The dust has settled. Our first season of little league, coach pitch baseball is over. Last Friday night Noah played his final game of the tournament. For three nights in a row he and his teammates ate dust, and sweat, and victory, and yes, defeat. But every night they showed up, fully present, playing till the last ball was thrown, the last hitter swung. As coach said, they never gave up. Which is all he could have asked of them.
I'm very proud. Not because they played well with teams that had previously beat the socks off of them. But because they kept playing. When they got hit with the ball they kept playing. When they missed the grounder they kept playing. When they got out they kept playing. When they were down so far we thought they would never get back up, they kept playing. They may have been down multiple times, they they were never out. They were never out of the game.
It hadn't always been like that. There were times during the season when I could feel the energy shift in the middle of a game, and they would just give up. Something in their hearts and minds would decide the game was over, and they would stop playing. Perhaps they got intimidated. Maybe they started looking at the scoreboard instead of the next play. Sometimes it was simply exhaustion leaking out of the pores, flooding the field with apathy. Those nights were so frustrating, so heartbreaking. I would sit back in my chair and watch the pitiful outcome of not caring.

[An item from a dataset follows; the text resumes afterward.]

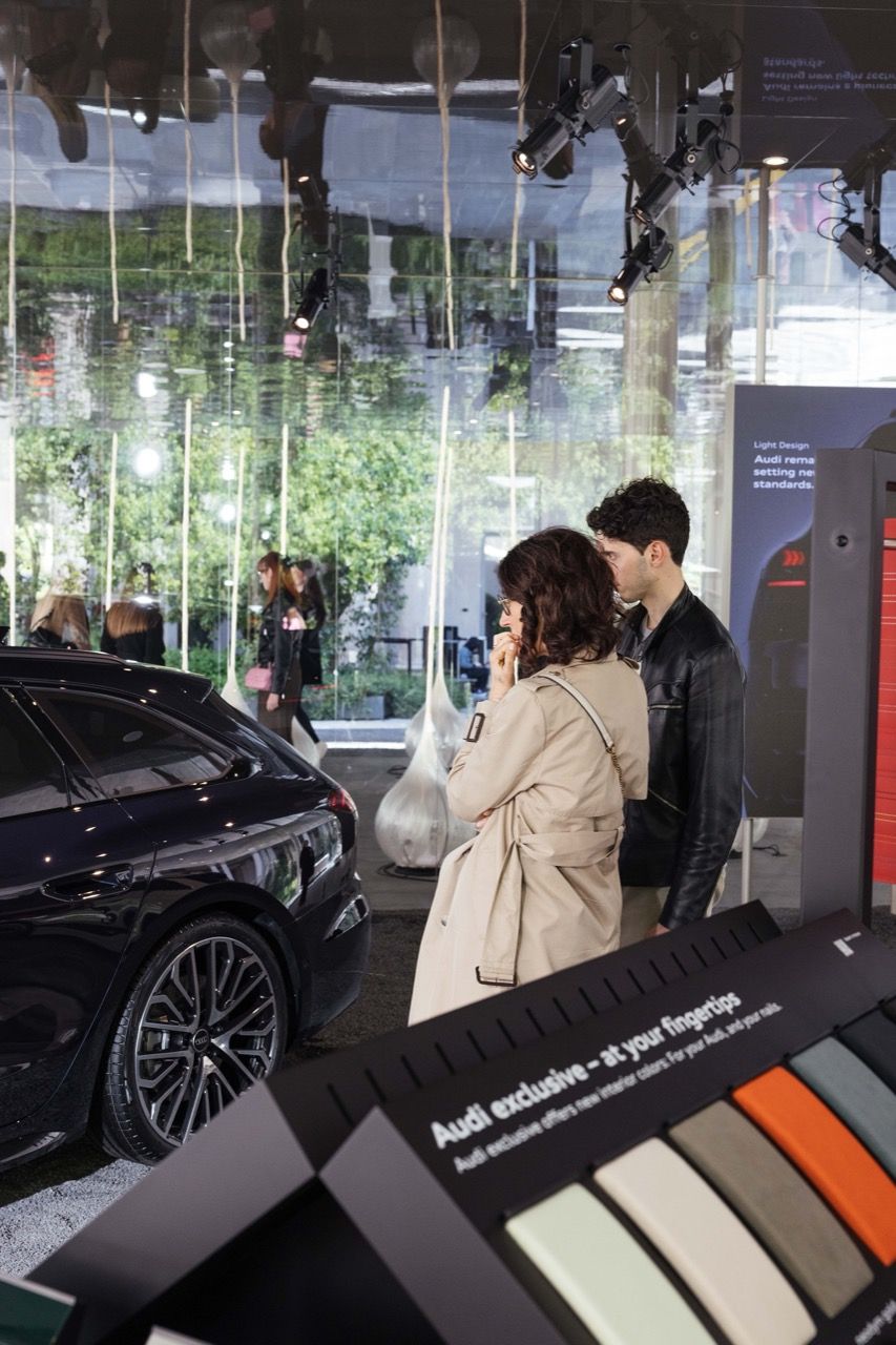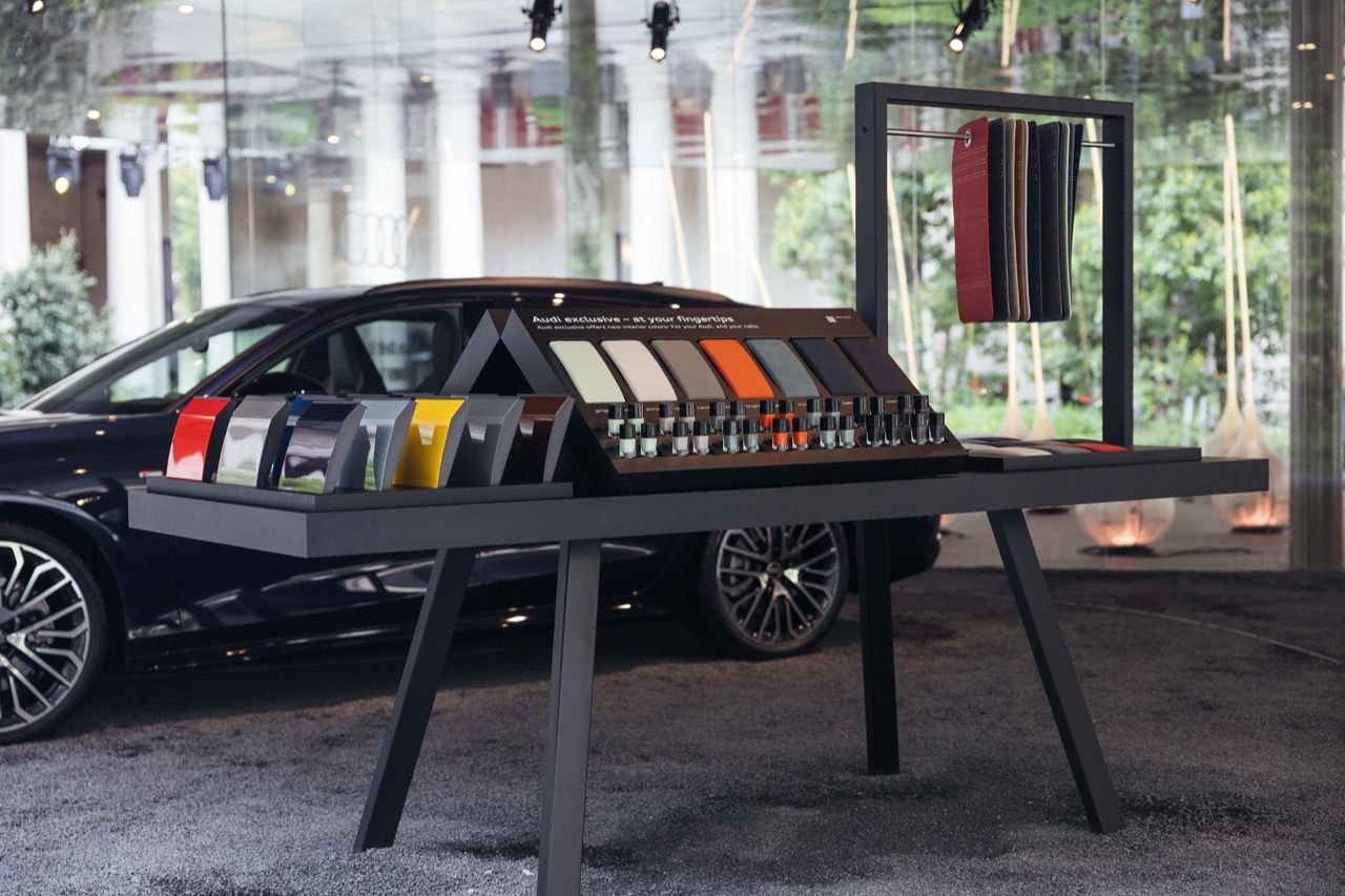 ผู้เข้าชมงานออกแบบสามารถเยี่ยมชม “Material Bar” ซึ่งจัดแสดงนิทรรศการที่ออกแบบเป็นพิเศษ เช่น เบาะนั่งสามที่นั่งที่ตกแต่งด้วยหนังสีต่างๆ และตะเข็บที่ตัดกัน นำเสนอภาพรวมของสินค้าหลากหลายรุ่นที่นำเสนอโดย Audi Exclusive

When tournament time began my prayer for them was always for their hearts. My husband probably saw my fervency in being the sideline mom and thought differently. He probably thought I was praying they would win. Does God care about stuff like that? Probably not. But I do believe God cares about the condition of our hearts and our capacity to live life open hearted, fully present, giving ourselves to fully to each day. So I stood on the sidelines a silent prayer on my lips: "Oh God, I contend for their hearts!"
I can't help but wonder what this would look like in my own life. What would it look like if everyday I never gave up and never gave in? What would it look like if I lived open hearted, fully present, unrestrained giving of myself to the day before me? I know I want that for my boys. It's a bit intimidating to want it for myself. But if I were honest, I do. I want to live with heart.
At the end of the last game each of Noah's coaches took a moment to express what the season meant to them. One of them said that in all the teams he's coached, this team showed more heart than any others he's been with in a long time. I couldn't help but feel like God answered my prayers.